▶ _TASK DIRECTIONS_
Taking the line with "7月31日,在湖南省湘潭县河口镇华中村,村民在清扫房屋前的淤泥。" as the first and the last line of the listing as the final one, please copy exactly those lines and no others, without pictures.

● ● ● ● ●

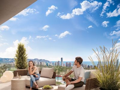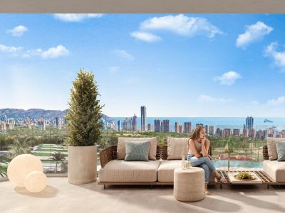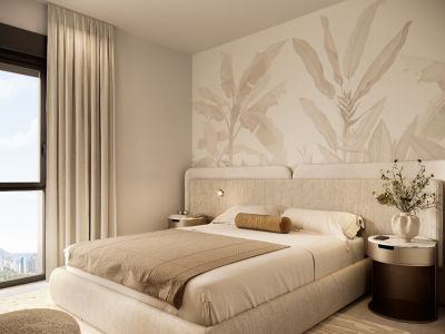 La luz natural, las distribuciones inteligentes y los materiales de la más alta calidad crean espacios para vivir, relajarse e inspirarse. Las ventanas ofrecen vistas impresionantes de Benidorm, con su vibrante ambiente, y de la majestuosa montaña Puig Campana, que dota al paisaje de una monumentalidad y un encanto especiales.
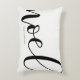 Dieses stilvolle Feiertagskissen kennzeichnet das Wort "Weihnachten" in der trendy schwarzen Kalligraphie, mit einer Stelle, um mit Ihrem Namen zu personifizieren. Das hintere Muster enthält weiße Tupfen auf einem schwarzen Hintergrund.
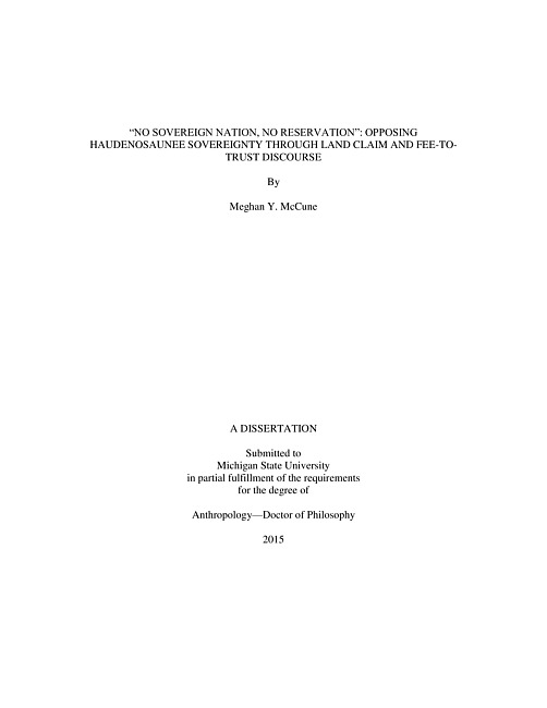 "No sovereign nation, no reservation" : opposing Haudenosaunee sovereignty through land claim and fee-to-trust discourse
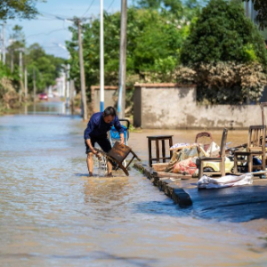 7月31日,在湖南省湘潭县河口镇华中村,村民在清扫房屋前的淤泥。
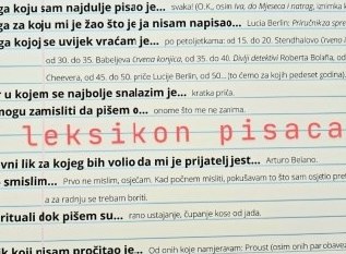 Leksikon pisaca nastao je krajem 2021. godine. Svakog drugog petka, tijekom dvije godine, na Facebook stranici Knjižnice Gajnice objavljivan je po jedan ispunjen leksikon hrvatskih književnika i književnica.Od četrdeset objava, za izložbu je odabrano njih dvadeset.

● ● ● ● ●

▶ _REPLY TO THE EXERCISE_
 7月31日,在湖南省湘潭县河口镇华中村,村民在清扫房屋前的淤泥。
 Leksikon pisaca nastao je krajem 2021. godine. Svakog drugog petka, tijekom dvije godine, na Facebook stranici Knjižnice Gajnice objavljivan je po jedan ispunjen leksikon hrvatskih književnika i književnica.Od četrdeset objava, za izložbu je odabrano njih dvadeset.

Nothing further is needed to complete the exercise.